- [Task goal]: Retype exactly the span of lines below from the one with "Day-wise Computer Basics" through the one with "[°ø°£´º½º = ±è¿ëÁø±âÀÚ]". Do not include pictures.

- [Excerpted data]:
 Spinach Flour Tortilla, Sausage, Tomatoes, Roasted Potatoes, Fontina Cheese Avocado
---
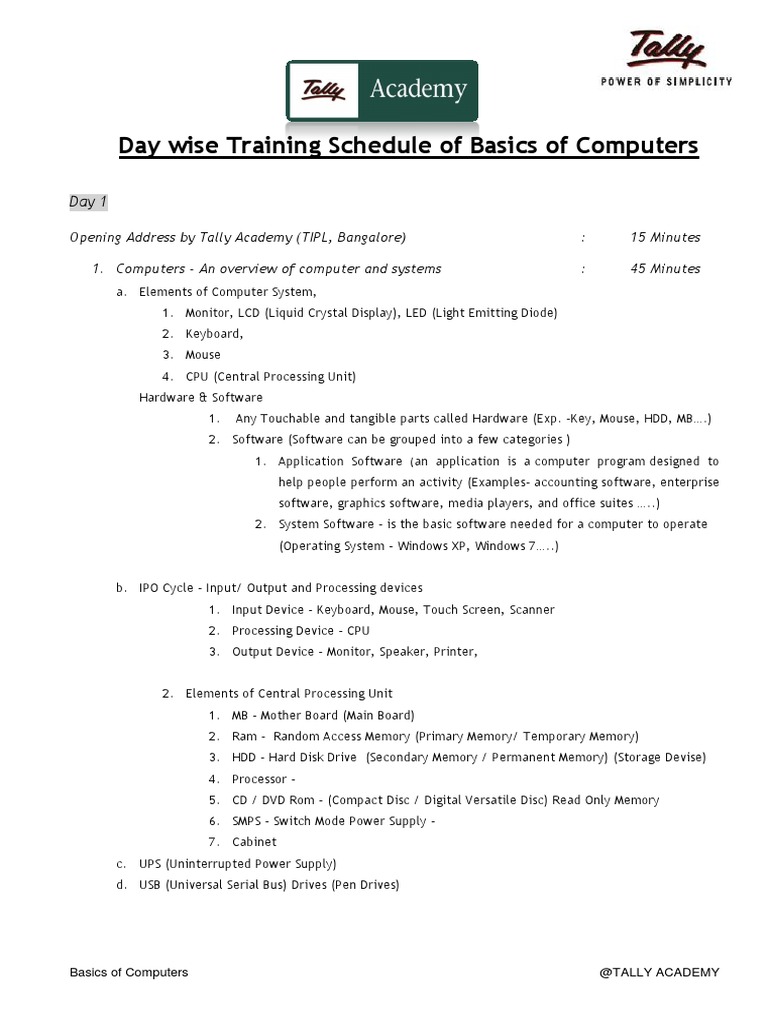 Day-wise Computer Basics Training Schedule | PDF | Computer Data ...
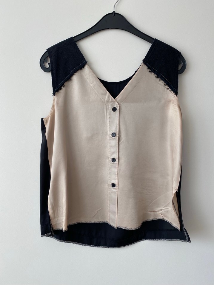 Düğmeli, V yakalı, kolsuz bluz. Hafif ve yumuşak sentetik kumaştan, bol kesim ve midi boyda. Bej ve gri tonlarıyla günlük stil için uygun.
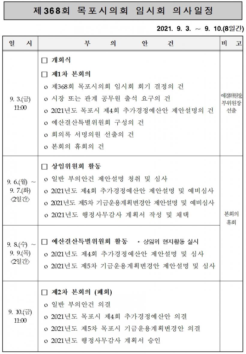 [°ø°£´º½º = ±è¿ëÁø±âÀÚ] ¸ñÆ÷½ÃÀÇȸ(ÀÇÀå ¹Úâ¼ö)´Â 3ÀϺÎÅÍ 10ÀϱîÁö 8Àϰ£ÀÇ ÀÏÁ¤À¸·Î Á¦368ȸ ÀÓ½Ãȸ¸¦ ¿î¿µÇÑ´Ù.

- [Exercise result]:
 Day-wise Computer Basics Training Schedule | PDF | Computer Data ...
 Düğmeli, V yakalı, kolsuz bluz. Hafif ve yumuşak sentetik kumaştan, bol kesim ve midi boyda. Bej ve gri tonlarıyla günlük stil için uygun.
 [°ø°£´º½º = ±è¿ëÁø±âÀÚ] ¸ñÆ÷½ÃÀÇȸ(ÀÇÀå ¹Úâ¼ö)´Â 3ÀϺÎÅÍ 10ÀϱîÁö 8Àϰ£ÀÇ ÀÏÁ¤À¸·Î Á¦368ȸ ÀÓ½Ãȸ¸¦ ¿î¿µÇÑ´Ù.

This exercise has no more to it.